MATLAB File Help: cv.EM Index
cv.EM

Expectation Maximization Algorithm

The class implements the Expectation Maximization algorithm. This is an algorithm to train Gaussian Mixture Models (GMM).

Expectation Maximization

The Expectation Maximization(EM) algorithm estimates the parameters of the multivariate probability density function in the form of a Gaussian mixture distribution with a specified number of mixtures.

Consider the set of the N feature vectors {x1,x2,...,xN} from a d-dimensional Euclidean space drawn from a Gaussian mixture:

p(x;a_k,S_k,PI_k) = sum_{k=1..m} PI_k * p_k(x),
    PI_k>=0,  sum_{k=1..m}(PI_k)=1

p_k(x) = phi(x;a_k,S_k)
       = 1/((2*pi)^(d/2) * |Sk|^(1/2)) *
         exp(-0.5 * (x - a_k)' * inv(S_k) * (x - a_k))

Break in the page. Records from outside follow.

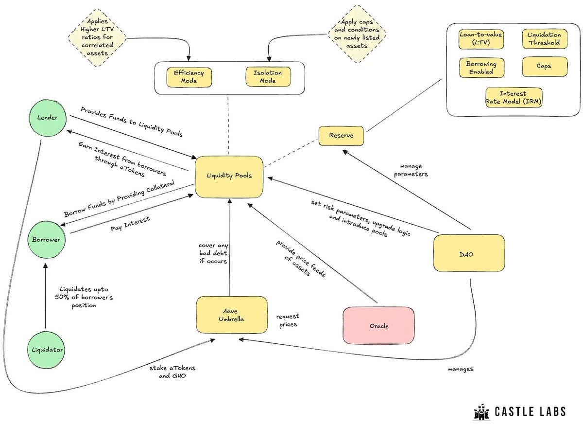 Aave 的 Umbrella 系统(前身为 Safety Module)为协议提供关键安全保障。用户可质押 aToken 或 GHO 获取奖励,同时在坏账发生时充当补偿来源;若出现资不抵债的情况,质押资产可被削减以覆盖损失。DAO 已承诺提供 10 万美元的初始坏账保障,形成有效的保险层。清算机制同样是 Aave 韧性的核心:系统以健康因子(HF)追踪每个借贷头寸,若 HF 低于 1,则会触发清算,清算人可偿还最多 50% 的债务并以折价获得抵押品,从而保持协议偿付能力。Aave v4(已上线测试网)旨在解决资本碎片化,并进一步重构协议为模块化借贷基础设施。其核心是 Liquidity Hub,将 Prime 与 Core 的流动性聚合,使资金可动态流动,提高效率。Spokes 机制允许独立市场实例按照自身参数运行,如支持长尾资产、设置供应与借贷上限,同时受 Hub 的系统规则约束。与此同时,Aave 新推出的 App 可帮助零售用户获得最高 6.5% 的年化收益,并提供最高 100 万美元的余额保护。应用还支持 on/off ramp 服务,使更多新用户顺利进入 DeFi。随着 v4 的模块化设计、Horizon 的 RWA 推进,以及强大的流动性壁垒,Aave 持续巩固其「链上银行」的地位。【原文为英文】( 来源)
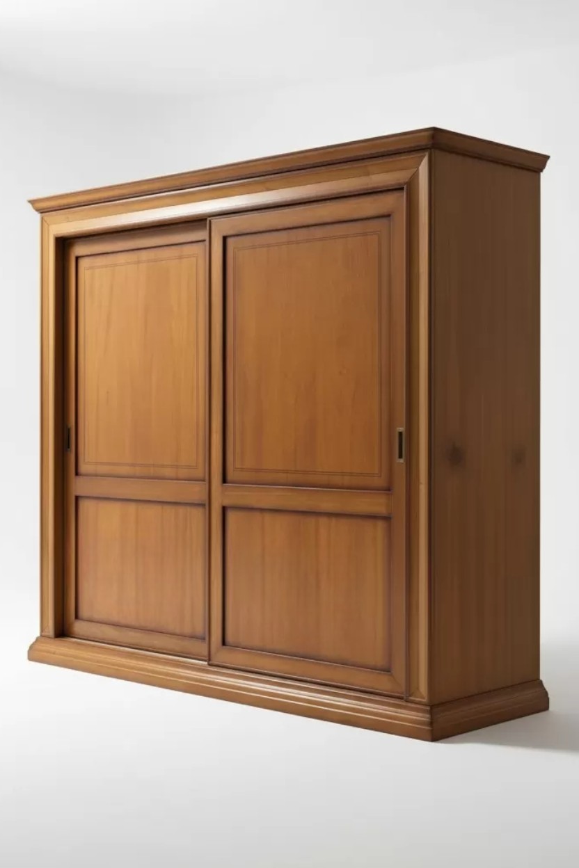 Descrizione : 2 porte scorrevoli con lavorazione a telaio , all' interno l'armadio è dotato di 3 pali appendiabiti , 3 ripiani e una cassettiera con 2 cassetti .Lo zoccolo a terra e la cornice sono rigorosamente sagomati e sporgenti dal corpo del mobile lineare .
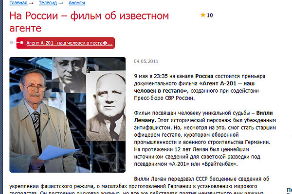9 мая в 23:35 на канале Россия состоится премьера документального фильма «Агент А-201 – наш человек в гестапо», созданного при содействии Пресс-бюро СВР России. В фильме снялся народный артист СССР Юрий Мефодьевич Соломин.
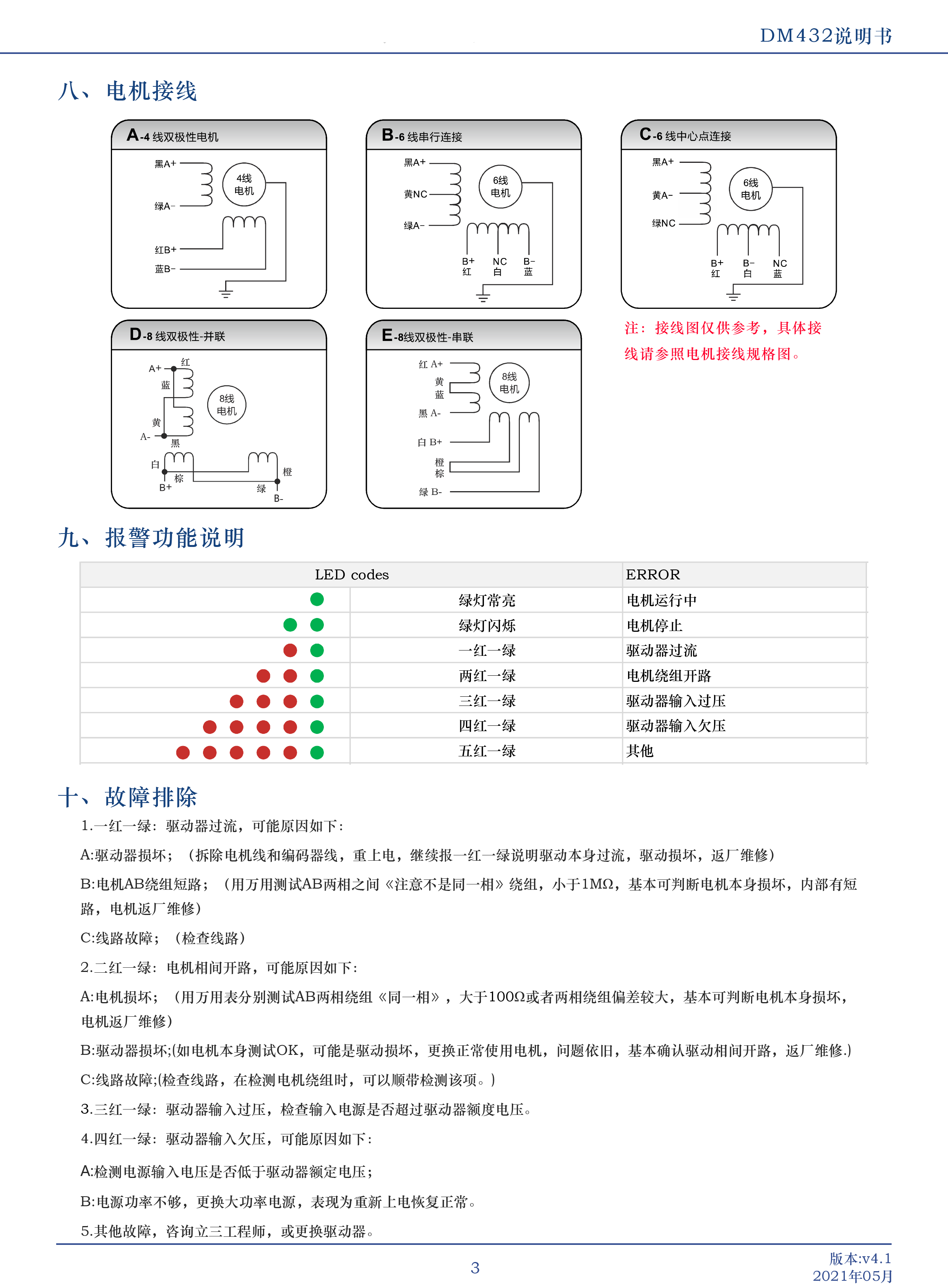 DM432是立成公司潛心研制的基于新一代基于32位DSP技術(shù)的高性能兩相數(shù)字式步進驅(qū)動器,驅(qū)動電壓DC8V-36V適配電流 32A以下,外徑42以下各種號兩相混合式步進電機該驅(qū)動器采樣類似伺服的控制原理,獨特的電路設(shè)計,優(yōu)越的軟件算法處理,使電機即使在低細分下也能運行平穩(wěn),幾乎沒有振動和噪音,平滑、精確地電流控制技術(shù)大大減少了電機發(fā)熱,外置16檔等角度恒力矩細分,最高128細分,光耦隔離差分信號輸入,抗干擾能力強,具有過壓、欠壓、過流保護等出錯保護功能。在點膠機、激光雕刻等中、低速應(yīng)用領(lǐng)域,其平穩(wěn)性、振動、噪聲性能優(yōu)勢明顯,可大大提高設(shè)備性能。

where m is the number of mixtures, p_k is the normal distribution density with the mean a_k and covariance matrix S_k, PI_k is the weight of the k-th mixture. Given the number of mixtures m and the samples xi, i=1..N the algorithm finds the maximum-likelihood estimates (MLE) of all the mixture parameters, that is, a_k, S_k and PI_k:

L(x,theta) = logp(x,theta)
           = sum_{i=1..N} log(sum_{k=1..m} PI_k * p_k(x))
-> argmax_{theta IN THETA},

THETA = {(a_k,S_k,PI_k): a_k IN R^d, S_k=S_k'>0, S_k IN R^(dxd),
                         PI_k>=0, sum_{k=1..m}(PI_k)=1}

The EM algorithm is an iterative procedure. Each iteration includes two steps. At the first step (Expectation step or E-step), you find a probability p_{i,k} (denoted alpha_{i,k} in the formula below) of sample i to belong to mixture k using the currently available mixture parameter estimates:

alpha_{k,i} = ( PI_k * phi(x;a_k,S_k) ) /
              sum_{j=1..m} (PI_j * phi(x;a_j,S_j))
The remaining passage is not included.